My ArrayList is of type [dd1, x, y, z, dd2, x, y, z, dd3, x, y, z, ...]
delnr can only be a dd1 or dd2, etc..
So basically if my delnr is dd2 I want to remove dd2 and the x, y and z that come after, my new list should look like:
[dd1, x, y, z, dd3, x, y, z, ...]
回答1:
You can't use removeRange. Just do it like this. This works because the subList is an immutable view of the original list.
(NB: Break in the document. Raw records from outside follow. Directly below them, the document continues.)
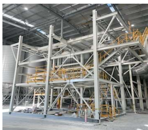
Structure ready for installation of Classifiers
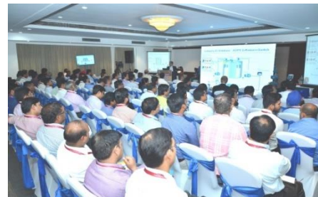
DELEGATES CAREFULLY GOING THROUGH THE PRESENTATION ON DESIGN & INSTALLATION OF TANK LEVEL GAUGE

Also explained that with implementation of MBLCR recommendations at POL locations, the complexity of operations is enhanced manifold and overall safety system of the locations is strengthened w.r.t in built design, real time data monitoring, detection & early alarm system and up-gradation of fire fighting system. He also said that though MBLR implementation is 100 % but w.r.t its functionality, it has been reported 80%. He concluded his address saying that “Safety is not a choice but an integral part of our operations”.
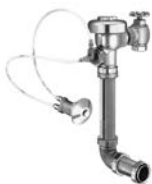
REGAL 9603 XL
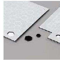
Black Stampin' Dimensionals Combo Pack [150893]
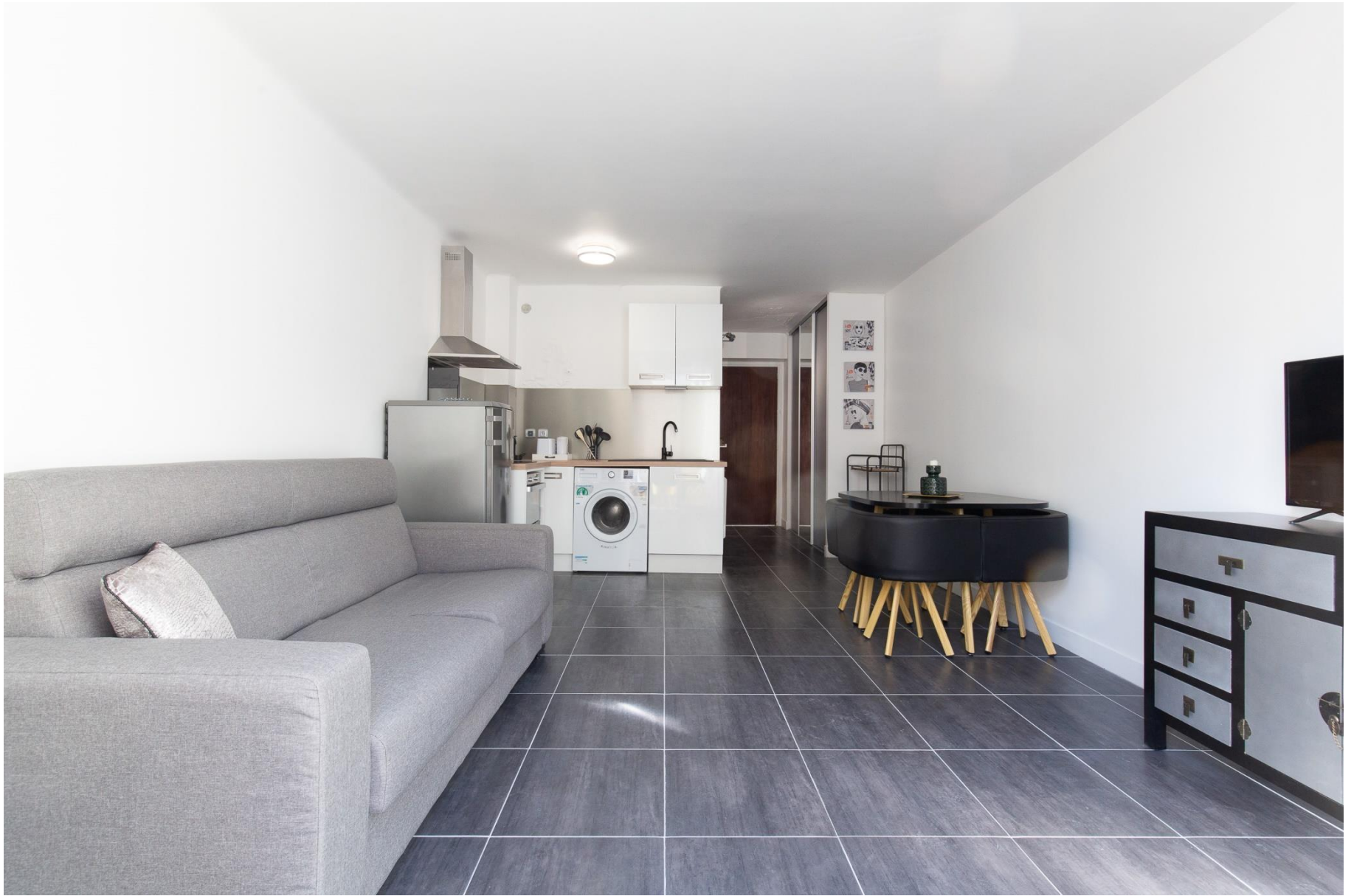
Another view of the main toom with dining area & TV area
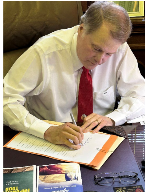
Signing our first several Senate Bills and Joint Resolutions before filing.
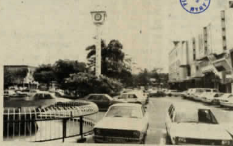
View of the site for the proposed car park building.

But, beginning of next month car-owners who normally park in the area (Wong Nai Siang Road) will have to hunt for parking bays which will add to the congestion in town for at least two years.
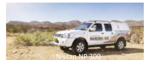
Nissan NP 300
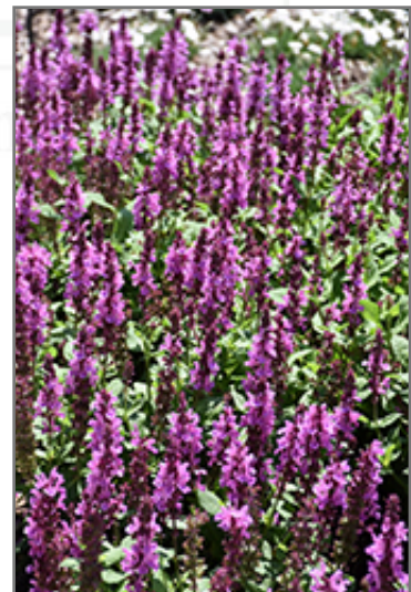
Rose Marvel Meadow Sage flowers
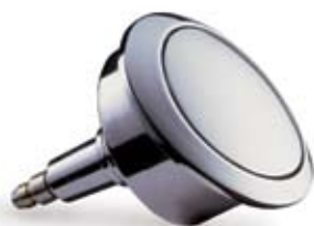
Solid touch button
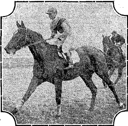
Chatelaine who runs in the Coronation Cup to-day.

It is stated that Newcastle United F.C. will show a loss of a few thousand pounds on the season, the transfers accounting largely for the deficit.

So changing the subList changes the original list.
List<Integer> list = new ArrayList<>(List.of(1,2,3,10,20,30,40,4,5,6,7));
System.out.println(list);
list.removeAll(list.subList(3,7));
System.out.println(list);
Prints
[1, 2, 3, 10, 20, 30, 40, 4, 5, 6, 7]
[1, 2, 3, 4, 5, 6, 7]
In your case it would be something like
List<Integer> list =
new ArrayList<>(List.of(1, 2, 3, 10, 20, 30, 40, 4, 5, 6, 7));
for (int i = 0; i < list.size(); i++) {
if (list.get(i) == 10) {
list.removeAll(list.subList(i, i + 4));
}
}
System.out.println(list);
回答2:
The most important thing to understand when you remove element using an index is that the List shrinks each time i.e. you just need to call remove again to delete the next element because the next element has taken the place of the last removed element.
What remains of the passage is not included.